Przysięga
Delikatnie, delikatnie, delikatnie puszysty śnieg tańczy.
Kołysze, kołysze, kołysze mym drżącym sercem.
Czerwona barwa tryska na moje złączone dłonie.
Białe kwiaty bezszelestnie układają się w pewien wzór.
Nasze nici są splecione, oszukane przez doczesny świat.
Wieczność połączyła je nierozwiązalnie.
Pomyłka, pomyłka, przez pomyłkę scena zmieniła się w perwersyjną.
Monotonnie, monotonnie, bezcelowo, moje zmysły stają się odległe.
Moje oczy spoglądały w niewyraźną spiralę,
powierzając moje ciało przenikającej ciemności.

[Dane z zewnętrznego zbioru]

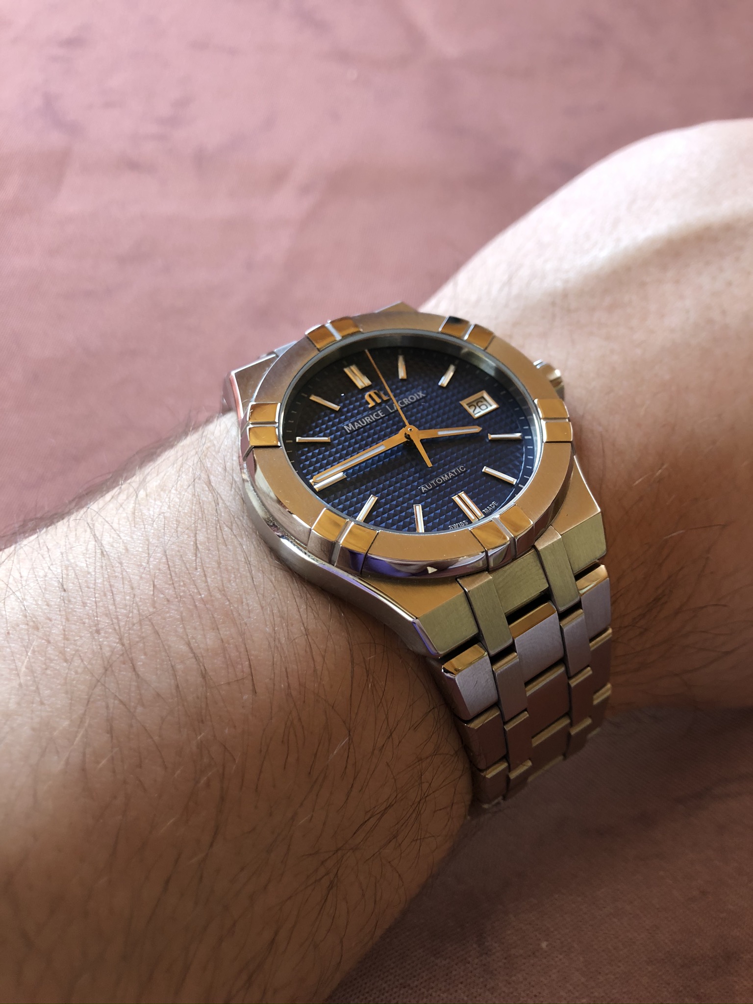 Met de Maurice Lacroix Aikon heb ik mijn eerste mechanische horloge gekocht. Na al een aantal maanden mee te lezen op dit forum bleef de Aikon toch steeds terugkomen. Inspiratie van het design is natuurlijk niet ver te zoeken. Bovendien krijg ik toch ook de indruk dat er niet heel veel mensen fan zijn van ‘Maurice Lacroix’. Voor een merk als Oris of Nomos zie je veel meer waardering op het forum.

Oddycham płytko i uśmiecham się nieoczekiwanie.
Nasze nici są splecione, oszukane przez doczesny świat.
Wieczność połączyła je nierozwiązalnie.
Przyczyny i skutki, które zamieniły się rolami,
Rozpraszają światło i płoną wraz z naszymi marzeniami.
Nie rozlewając nawet jednej kropli uczuć do Ciebie,
Wypiję je do samego dna.
Te wyniosłe, gwałtowne chwile, z powodu naszej tragicznej miłości,
stają się popiołem, kurzem i napełniają się blaskiem.
Nasze nici są splecione, oszukane przez doczesny świat.
Wieczność połączyła je nierozwiązalnie.